Minor league affiliations
- Previous classes: C, D
- League: Canadian League

Minor league titles
- League titles: 1911

Team data
- Previous names: Berlin Busy Bees; Berlin Green Sox Berlin Dutchmen;
- Previous parks: Victoria Park

= Berlin Busy Bees =

The Berlin Busy Bees (also known as the Berlin Green Sox and the Berlin Dutchmen) were a minor league baseball team in Berlin (renamed as Kitchener), Ontario that played in the Canadian League from 1911 through 1913. The league was classified as Class D in 1911 and as Class C from 1912 through 1913. The team's owner from 1911 to 1912 was William J. "Pop" Williams; in the winter of 1912–13 he sold the team for $2,000 to the Twin Cities Athletic Association, headed by Dr. F. H. Kalbfleisch. The team played its home games in Victoria Park.

The 1911 team easily won the Canadian League pennant with a record of 70–40, 11 games ahead of second-place London. The team's manager and first baseman was George "Rube" Deneau. Their shortstop, Raymond "Scotty" Cameron, was described as the "fastest man in the league", and was compared with Joe Tinker; he hit .341 and stole 48 bases. At the end of the season, he was drafted by the Philadelphia Athletics.

In 1912, the league was expanded from six teams to eight and was reclassified as Class C. Deneau returned as manager, but the Berlin team had lost six players to major league teams. The team finished in sixth place with a 42–50 record, and the owner, Williams, announced that he had lost money and would sell the team.
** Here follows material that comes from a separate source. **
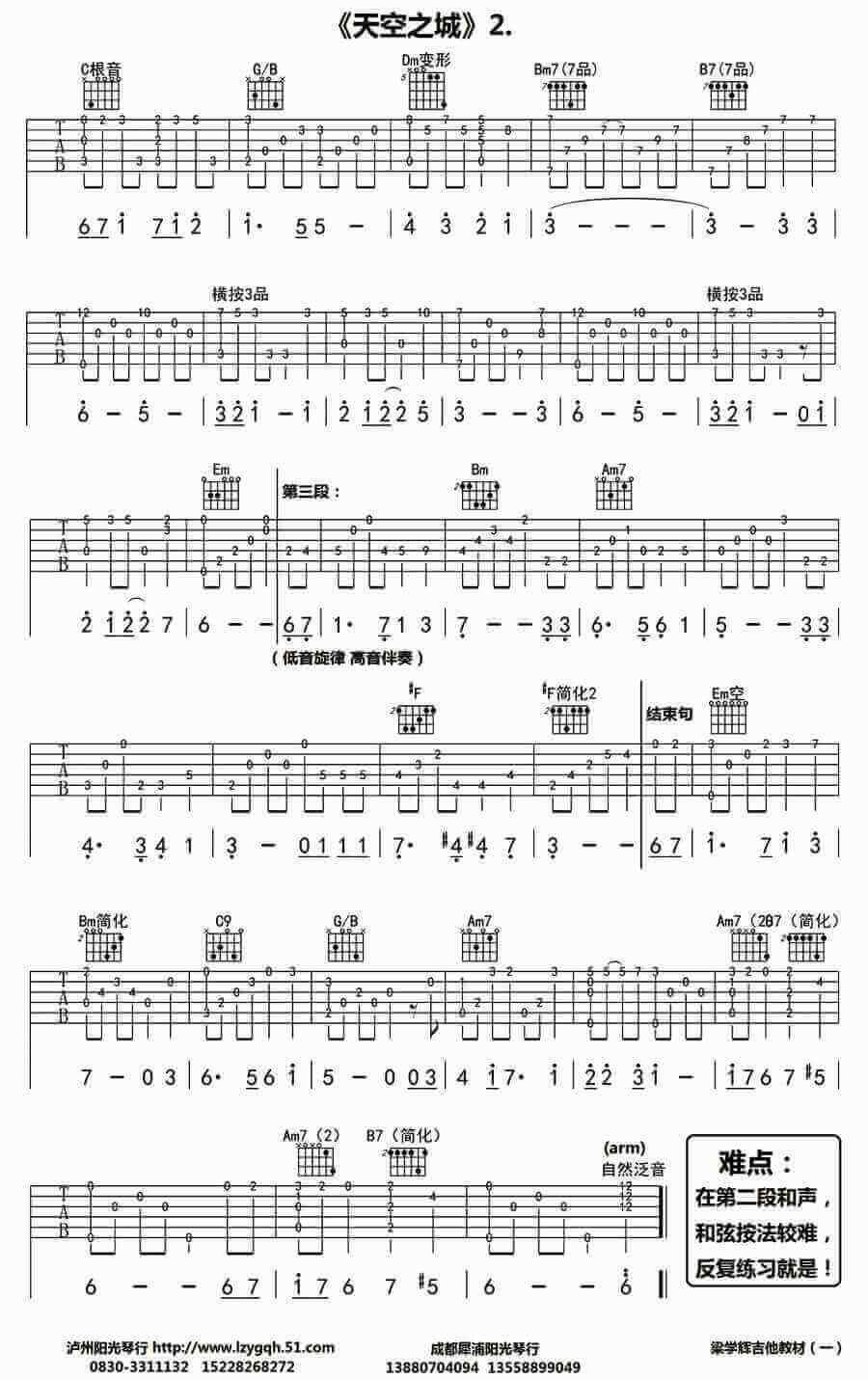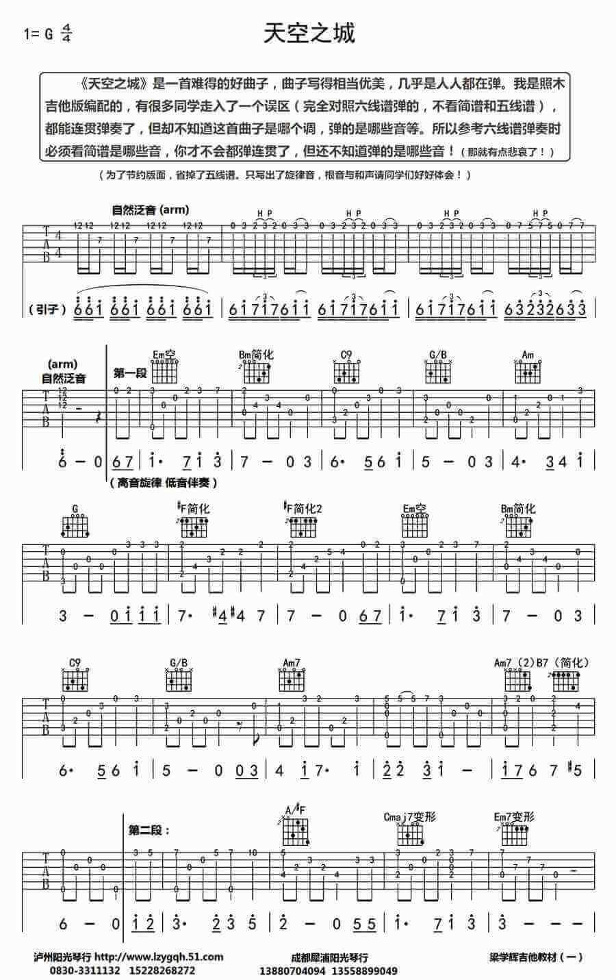 曲谱介绍: 天空之城吉他指弹谱,一首经典的旋律,曲子优美动听,琴友们基本都曾经弹过吧。编者梁学辉老师是依照木吉他版本编配。 天空之城 由音乐家久石让作曲,因以其让人落泪的优美曲调和动人心弦的美妙音律而闻名全球,被改编成多种版本,成为经典的轻音乐名曲,也成为流芳百世的世界名曲。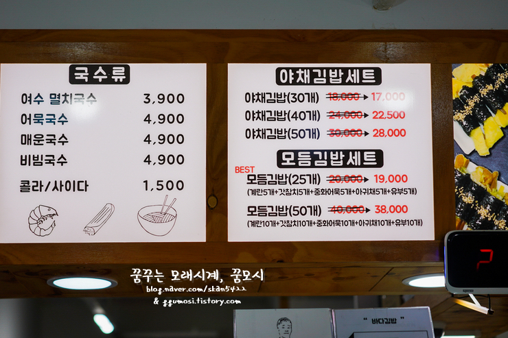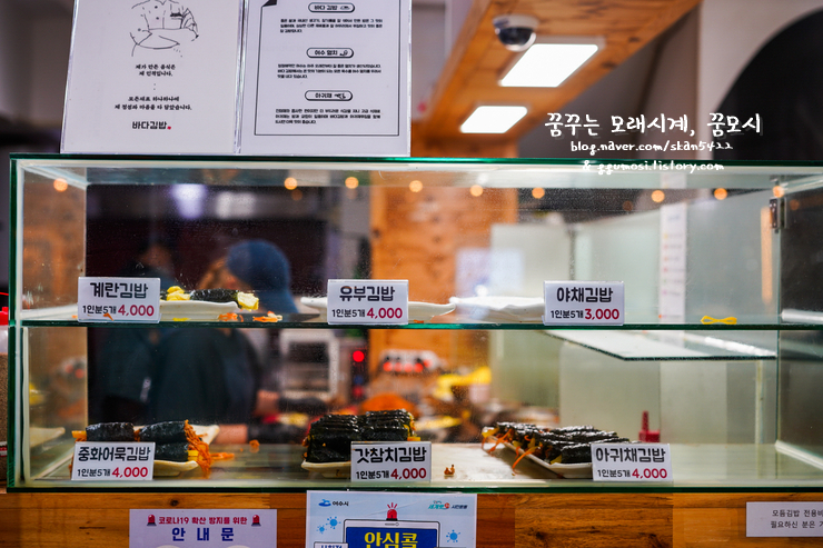 곧바로 들어가 군만두와 칼국수 포장 요청 후 바다김밥을 찾아갔습니다.

In 1913, Joseph Keenan took over as manager. The team failed to improved its record, going 37–67 to finish in seventh place. After the season, the Canadian League dropped the Berlin franchise, replacing it with a team in Toronto, and moved the Guelph franchise to Erie, Pennsylvania, as the bid to upgrade the league to Class B status. After the season, catcher Wickey McAvoy was drafted by the Philadelphia Athletics.